Observability

Prometheus + Grafana monitoring stack for Geetanjali.

Overview

The observability stack provides metrics collection, visualization, and alerting. It runs as optional containers alongside the core application.

Backend /metrics ──┐
                   ├──▶ Prometheus (scrape 15s) ──▶ Grafana (dashboards + alerts)
Worker /metrics  ──┘

Quick Start

# Start with observability
make obs-up
# Or: docker compose -f docker-compose.observability.yml up -d

# Access dashboards
# Production: https://grafana.geetanjaliapp.com
# Local dev: http://localhost:3000 (Grafana)
# Prometheus is internal-only (not exposed)
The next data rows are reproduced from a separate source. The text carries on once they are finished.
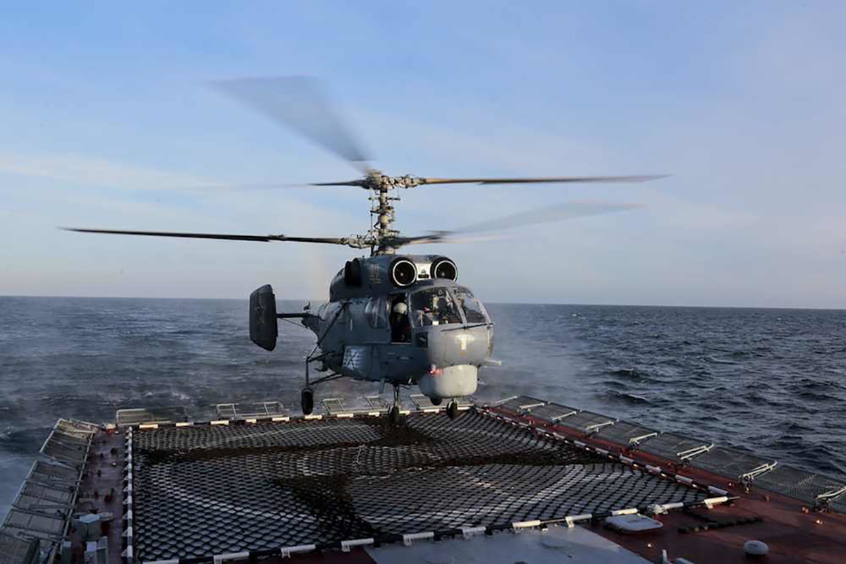 Отряд кораблей Тихоокеанского флота продолжает поход в Азиатско-Тихоокеанском регионе. В его составе корветы «Резкий» и «Герой Российской Федерации Алдар Цыденжапов». Для обеспечения деятельности ОБК на борту корветов находятся вертолёты морской авиации ТОФ, экипажи которых совместно с моряками-тихоокеанцами решают все учебно-боевые задачи. Несмотря на то что надводные корабли с управляемым ракетным оружием обладают мощными системами ПВО, авиация на море продолжает сохранять свою важность как разведывательное и ударное средство. Наличие корабельной авиации в разы увеличивает и дальность обнаружения противника, и поисковые возможности корабля или группы кораблей, и дальность, на которую они могут атаковать обнаруженную цель, и возможности по противолодочной борьбе. Из кабины вертолёта с высоты кажется, что корабль находится в каком-то космическом пространстве, без всякой привязки к поверхности моря, к линии естественного горизонта. Ночью складывается такое ощущение, что просто
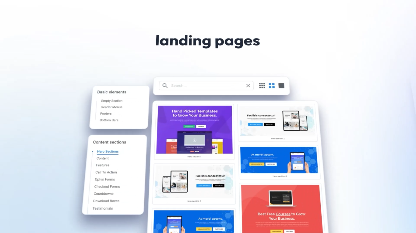 Page & Funnel Builder: Drag-and-drop editor with 100+ pre-designed templates.
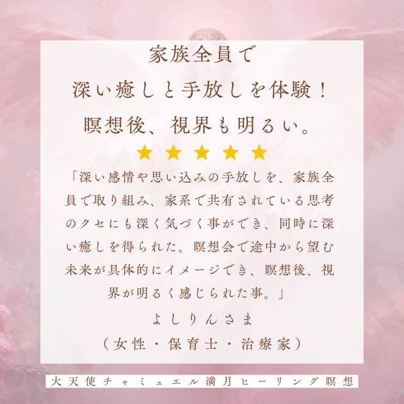 家族全員で深い癒しと手放しを体験!瞑想後、視界も明るい。
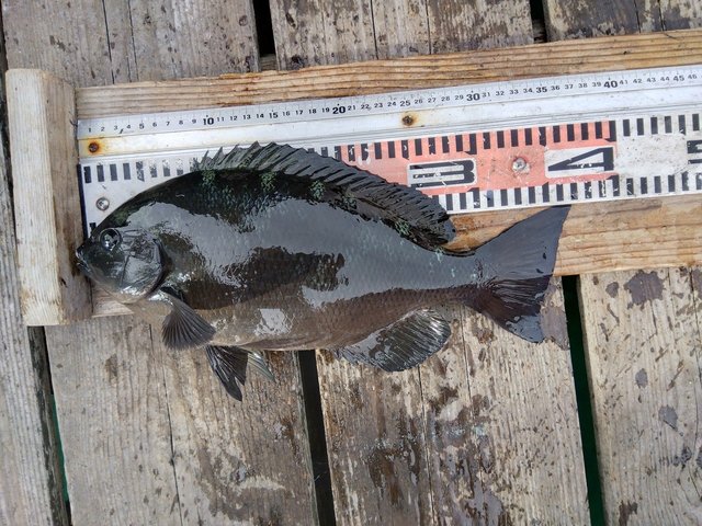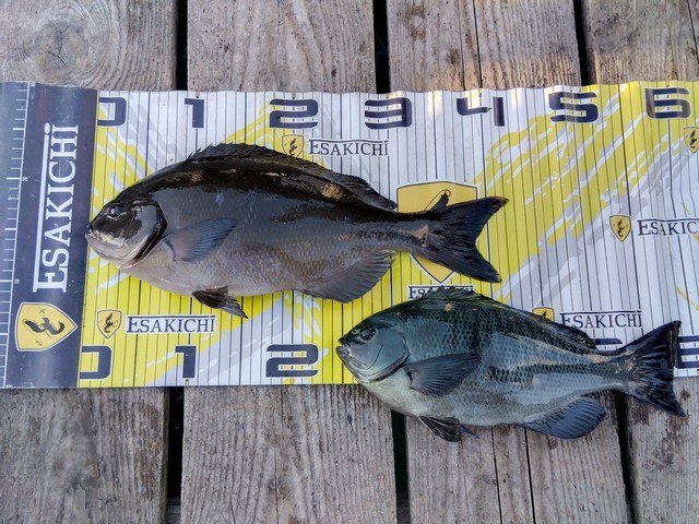 (メジナ)35cm 合計1匹 オナガグレ 38cm 合計1匹 激渋の中の釣果です。
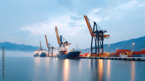 dock, port, shipping, freight, maritime, transport, trade, tied-up, ocean, outdoors, harbor, waterfront, water, cute, ship, cargo, container, economy, cargo ship, night, illustration, nobody, sky, modern, industry, prosperity, business, loading, sea, crane, transportation, boat, vessel, harbor, export, industrial, unloading, logistic
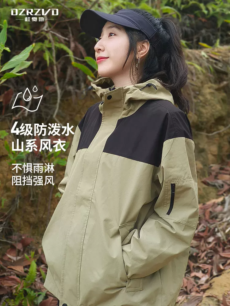 这款 DZRZVD 杜戛地 户外山系工装冲锋衣,4级防泼水,兼具6级寒风防护,耐磨不易褪色,宽松版型,山系配色设计,YKK拉链,下摆抽拉扣设计,兜帽一体化,城市短途户外或是citywalk 均可穿着。
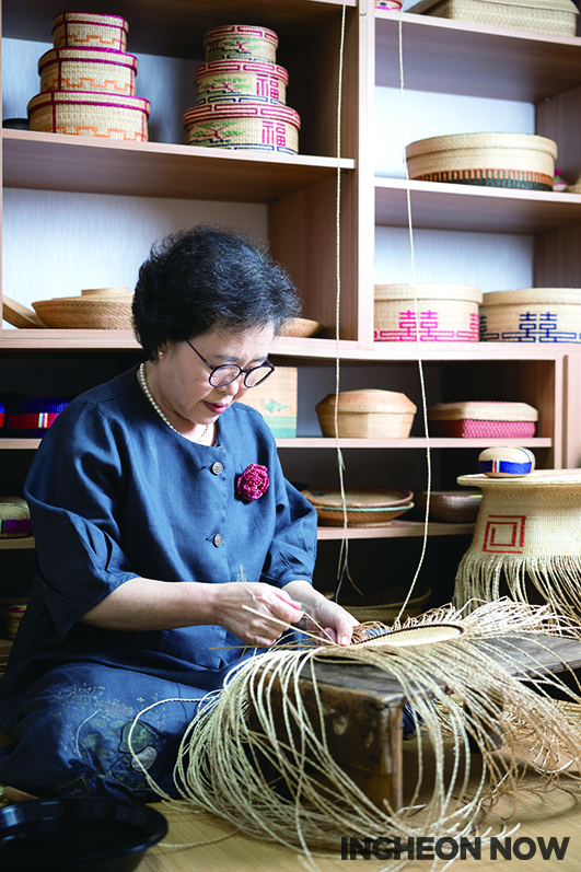 Yu Seon-ok makes efforts to preserve tradition. After she was recognized as a successor trainer in 2004, she has been actively involved in preserving tradition by training future generations at the Ganghwa Hwamunseok Culture Hall. In 2024, she was designated as a National Intangible Heritage Holder, succeeding her husband, which deepened her sense of responsibility and mission. She is currently focused on creating new works for an exhibition and plans to widely promote the beauty and value of sedge crafts through the upcoming National Intangible Heritage Exhibition and the Incheon Intangible Cultural Heritage Public Event.
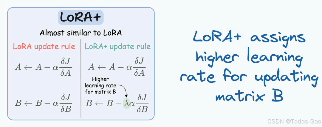 在LoRA中,矩阵A和B均采用相同的学习率进行更新。研究者发现,为矩阵B设置更高的学习率能实现更优的收敛效果,提高训练效率,可加速训练,同时小幅提升准确率。
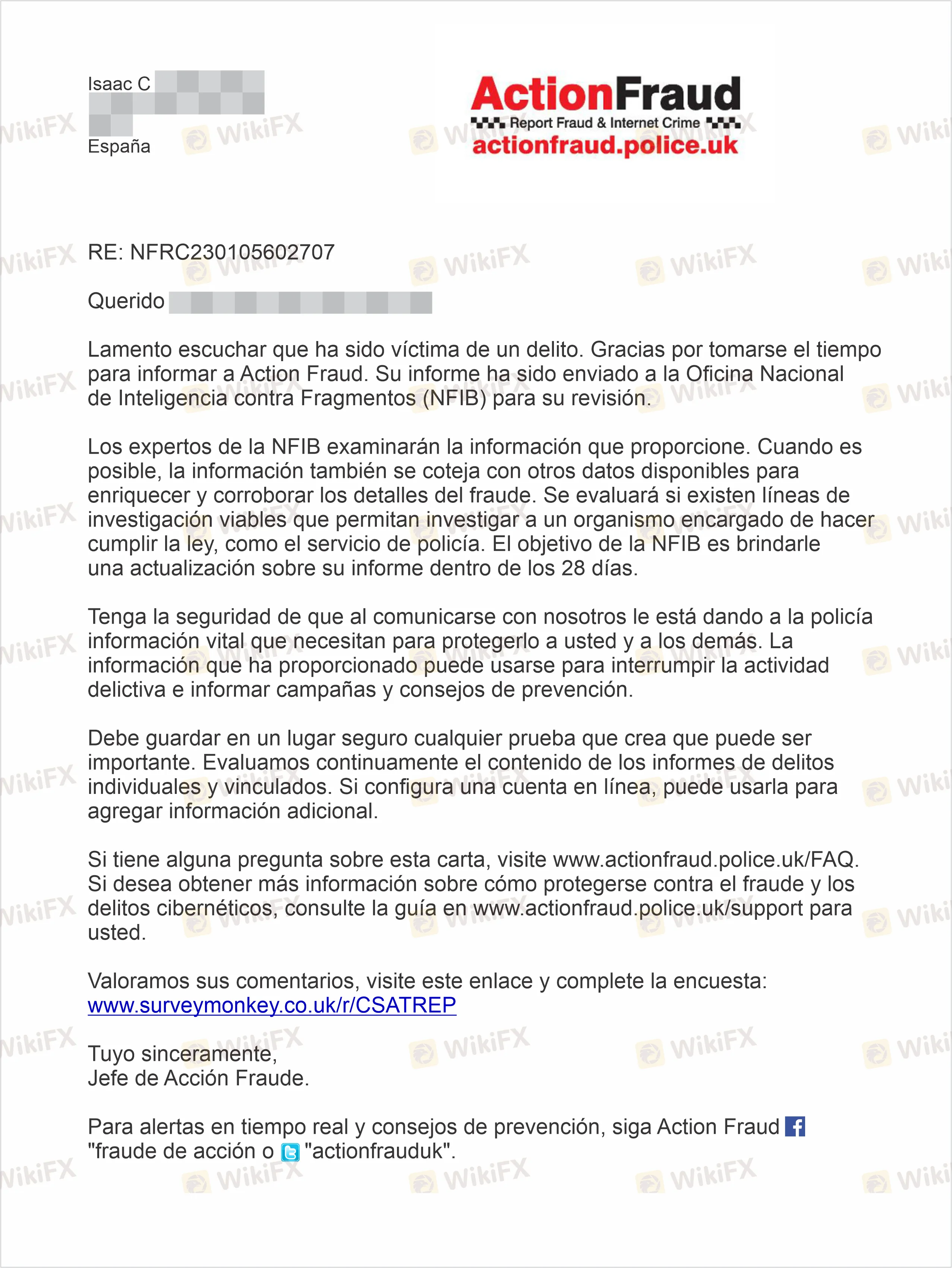 Esta fue la declaración dada por Isaac a nuestra sección de exposiciones en WikiFX sobre su experiencia con FXCapital360: “Soy una víctima de esta web fraudulenta, los he tenido que denunciar ante las autoridades británicas, la action Fraud y la Policía Nacional de España; y el Banco para que cancele las cuentas desde las cuales realizaba el ingreso para invertir. Se han quedado todo mi dinero, me han dejado arruinado y endeudado. No inviertan más en esta plataforma fraudulenta, pónganse en contacto con la FCA de Reino Unido y os dirán que es una empresa Clon y una estafa o ante la CNMV de España y os dirán que esta web está en un listado de Alertas catalogada chiringuitos financieros y que no tienen autorización para realizar operaciones. El Banco me a dicho que han detectado movimientos fraudulentos en dichas cuentas donde depositaba mis inversiones y que esas cuentas están a 0, estas personas están bien organizadas y estructuradas y os darán una imagen que no es real solo para haceros creer que son confiables y Invirtáis todo vuestro dinero en ellos para luego que dárselo todo. He adjuntado la confirmación de mi denuncia ante la Acción Fraud, la denuncia de la Policía Nacional no la adjunto por mis datos personales. Ante cualquier duda pregúntenme y os ayudaré. ¡¡Pero no Invirtáis más en ellos, si sois víctimas denunciar!! No os calléis, aunque no sea posible recuperar el dinero pero que quiten a esta gente para que no sigan robando a más personas como yo.”
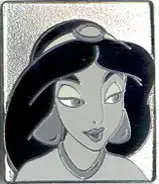 Jasmine is an Open Edition pin from the Cast Lanyard Series 1 - Black and White Princess Headshots pin series. It was originally released in August, 2003 and was available from Disneyland Resort .
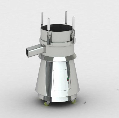 本機由料斗、震蕩室、連軸器、電機組成。震蕩室內有偏心輪、橡膠軟件、主軸、軸承等組成??烧{節的偏心重錘經電機驅動傳送到主軸線,在不平衡狀態下,產生離心力,使物料強制改變在篩內形成軌道旋渦,重錘調節器的振幅大小可根據不同物料和篩網進行調節。整機結構緊密、體積小、不揚塵、噪音低、產量高、能耗低,移動、維修方便。
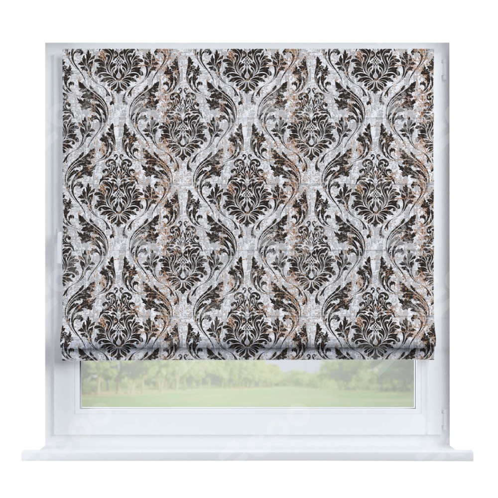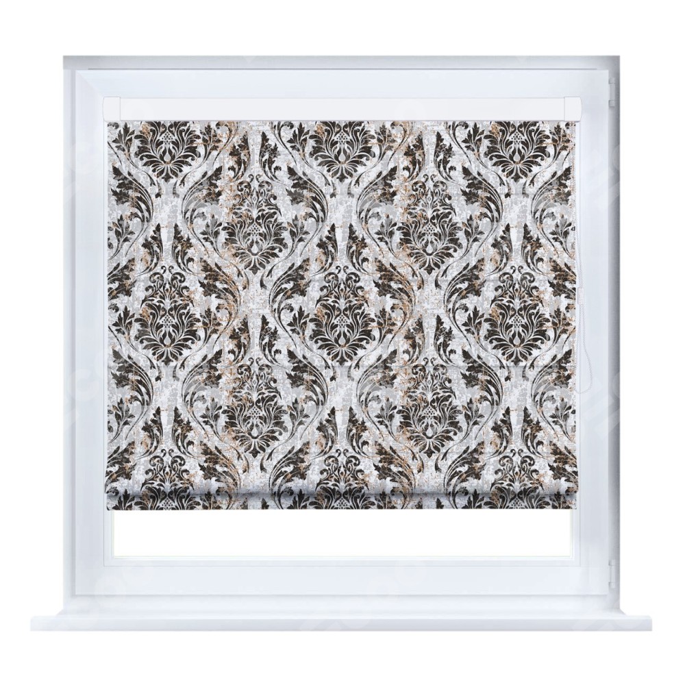 Римская штора производителя «Cortin», устанавливается на створку окна, пошита из ткани блэкаут с нанесением сублимационной печати «Дамаск тёмный». Штора шьётся по индивидуальным размерам, для данного типа римской шторы возможная ширина от 35 до 150 см., высота до 250 см.
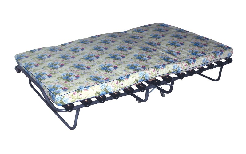 Кровать раскладная двуспальная Симона бюджетный вариант раскладушки для двоих. Данная модель является самой широкой раскладушкой на российском рынке. Прочный стальной каркас сделан из трубы диаметром 25 мм, это позволяет выдерживать нагрузку до 200 кг. Основание раскладной кровати Симона изготовлено из 13 березовых ламелей. Такая кровать очень удобна и по качеству сна не уступает ортопедическим основаниям в обычных кроватях. Матрас высотой 9 см из Холлкона идет в комплекте. Центральные ножки кровати имеют специальные колесики для транспортировки, перевозить такую раскладную кровать с места на место очень лугко и удобно. Вес 22 кг, высота в разложенном состоянии 26,7 см.
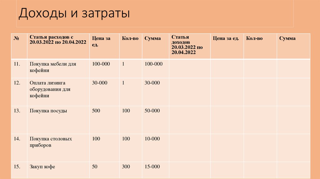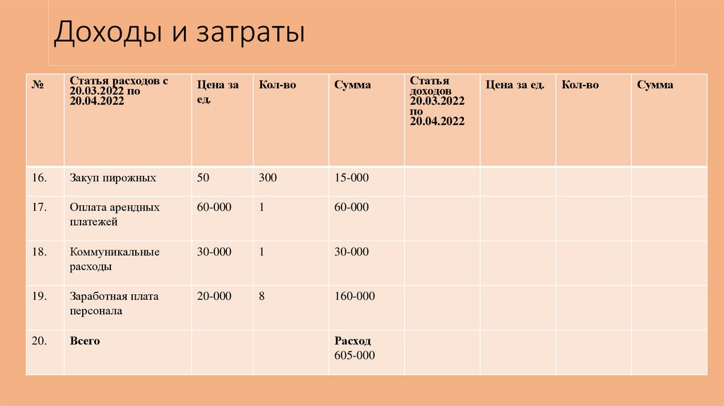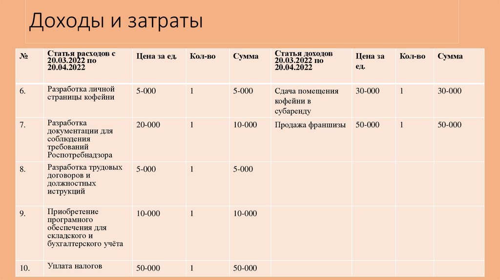 Доходы и затраты:№
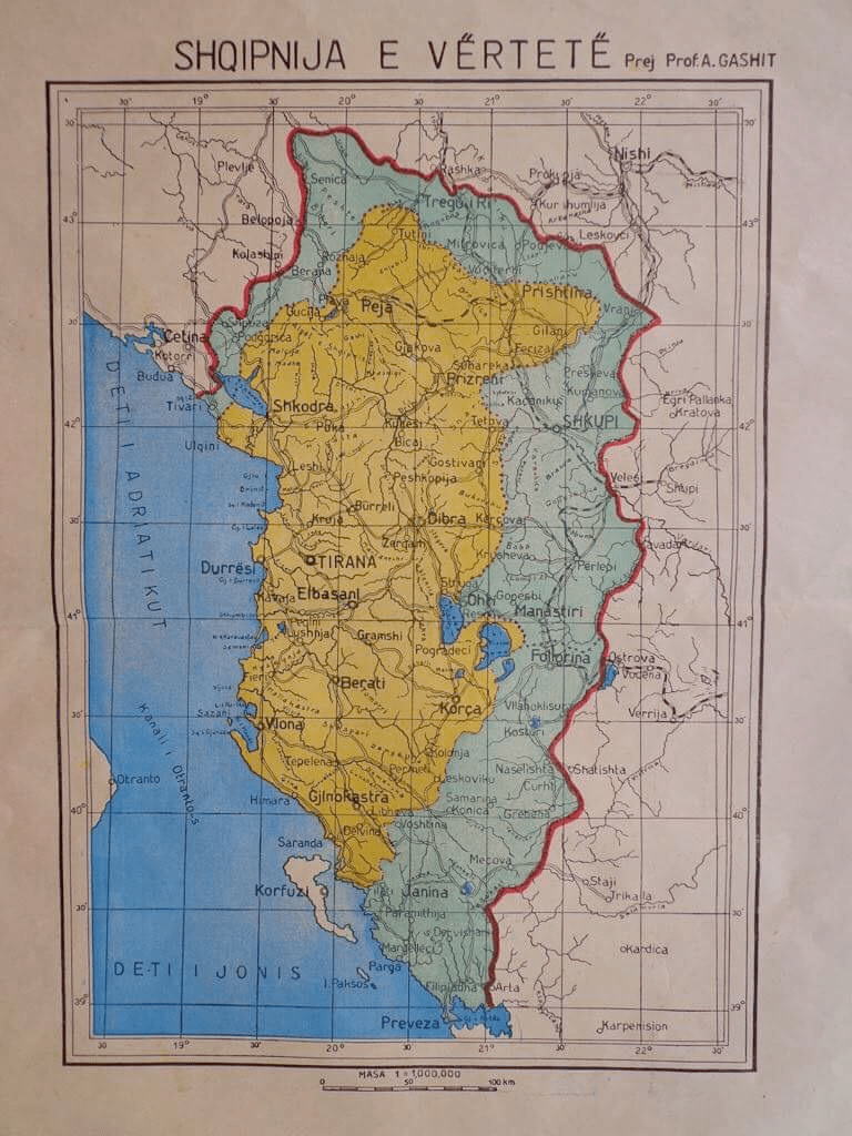 Ethnic or Natural Albania: 73,988 KM²
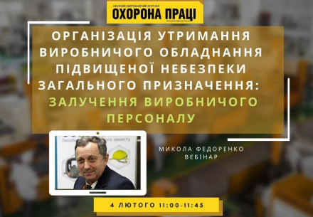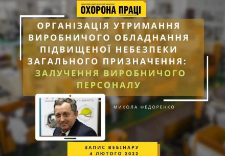 Вебінар "Організація утримання виробничого обладнання підвищеної небезпеки загального призначення. Перелік оперативної документації  щодо залучення виробничого персоналу. Допуск до роботи"  4 лютого, 2022 11:00-11:45 ZOOM Експерт: Федоренко Микола, заступник головного редактора журналу «Охорона праці» У вебінарі: Порядок залучення виробничого персоналу Нормативи виробничого персоналу Електрогосподарство. Виробничий персонал. Організаційна документація Газове господарство. Виробничий...
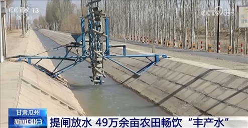 在甘肅瓜州,隨著疏勒河流域灌區(qū)引水閘閘口開啟,各灌區(qū)陸續(xù)提閘放水,讓49萬余畝農(nóng)田按時足量喝上開春“豐產(chǎn)水”。
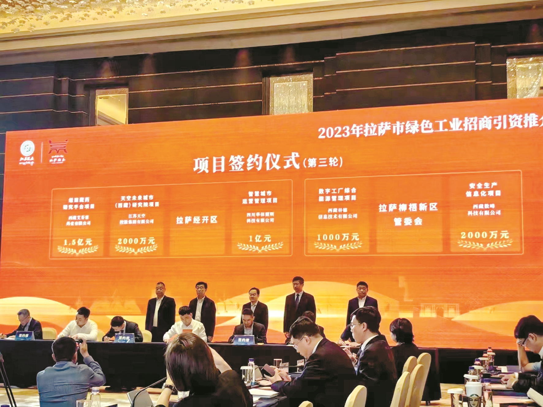 4月17日,2023年拉薩市綠色工業(yè)招商引資推介會(huì)暨項(xiàng)目簽約儀式在南京舉行,活動(dòng)由拉薩市人民政府、西藏自治區(qū)招商局、江蘇援藏前方指揮部主辦,拉薩市商務(wù)局、拉薩經(jīng)濟(jì)技術(shù)開(kāi)發(fā)區(qū)聯(lián)合承辦。江蘇省商務(wù)廳副廳長(zhǎng)倪海清、江蘇省工業(yè)和信息化廳二級(jí)巡視員宋旭東、西藏自治區(qū)招商局副局長(zhǎng)次旦格來(lái)應(yīng)邀出席活動(dòng)并致辭,簽約企業(yè)代表、拉薩市各縣(區(qū))、經(jīng)濟(jì)功能園區(qū)分管招商工作負(fù)責(zé)人以及知名企業(yè)代表近140余人參加推介會(huì)。本次推介會(huì)共簽約項(xiàng)目15個(gè),協(xié)議投資達(dá)32.3億元。
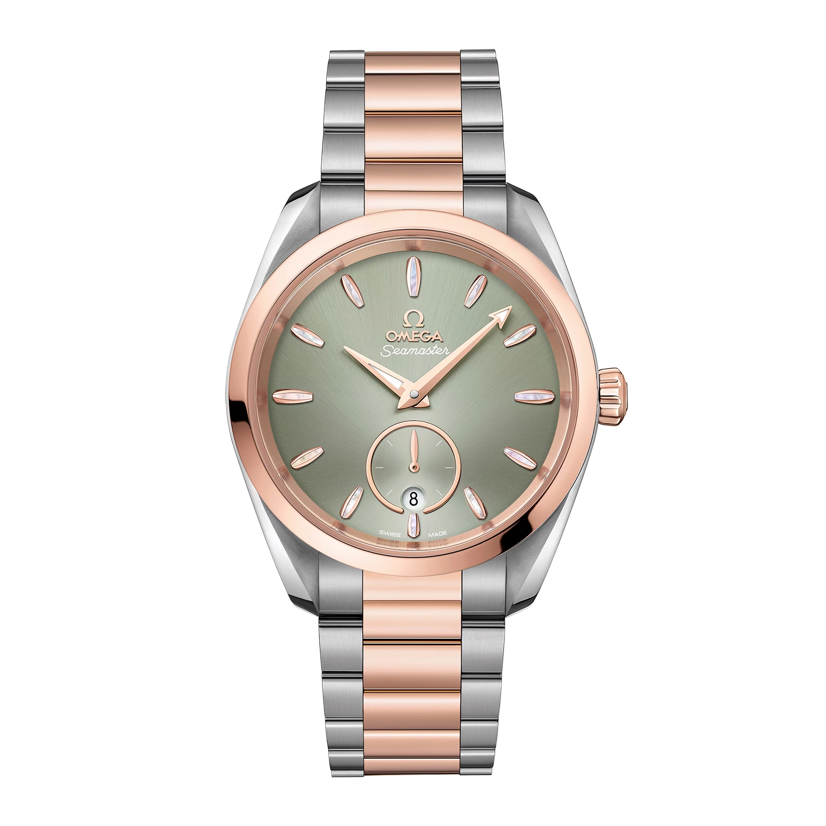 Ref. 220.20.38.20.10.001 - Die Seamaster Aqua Terra ist eine Hommage an OMEGAs großes maritimes Erbe. Das symmetrische Gehäuse dieses 38-mm-Modells besteht aus 18 K Sedna™-Gold und Edelstahl und ist auf dem Gehäuseboden mit einem Wellendekor versehen.

Default Grafana login: admin / (set GRAFANA_ADMIN_PASSWORD in .env)

Metrics Architecture

Metrics are split across separate modules to prevent duplicate registration:

Module Scraped From Purpose
metrics_business.py Backend only Business gauges (consultations, users, feedback)
metrics_infra.py Backend only Infrastructure gauges (postgres, redis, queue)
metrics_events.py Both services Event counters (cache, email, vector search)
metrics_llm.py Worker only LLM request counters and circuit breaker states

Why the split? Each Python process has its own Prometheus registry. Without separation, both backend and worker would register the same gauges, causing duplicate/conflicting values.

Metrics Reference

Business Metrics (Backend only)

Metric Type Description
geetanjali_consultations_total Gauge Total completed consultations
geetanjali_consultations_24h Gauge Consultations in last 24 hours
geetanjali_consultation_completion_rate Gauge Ratio of completed to total (0-1)
geetanjali_active_users_24h Gauge Unique users in last 24 hours
geetanjali_registered_users_total Gauge Total registered users
geetanjali_signups_24h Gauge New registrations in last 24 hours
geetanjali_exports_total Gauge Total exports (all formats)
geetanjali_exports_24h Gauge Exports in last 24 hours
geetanjali_verses_served_total Gauge Total verses cited across all outputs
geetanjali_avg_messages_per_case Gauge Average messages per consultation
geetanjali_feedback_positive_rate Gauge Percentage of positive feedback (0-1)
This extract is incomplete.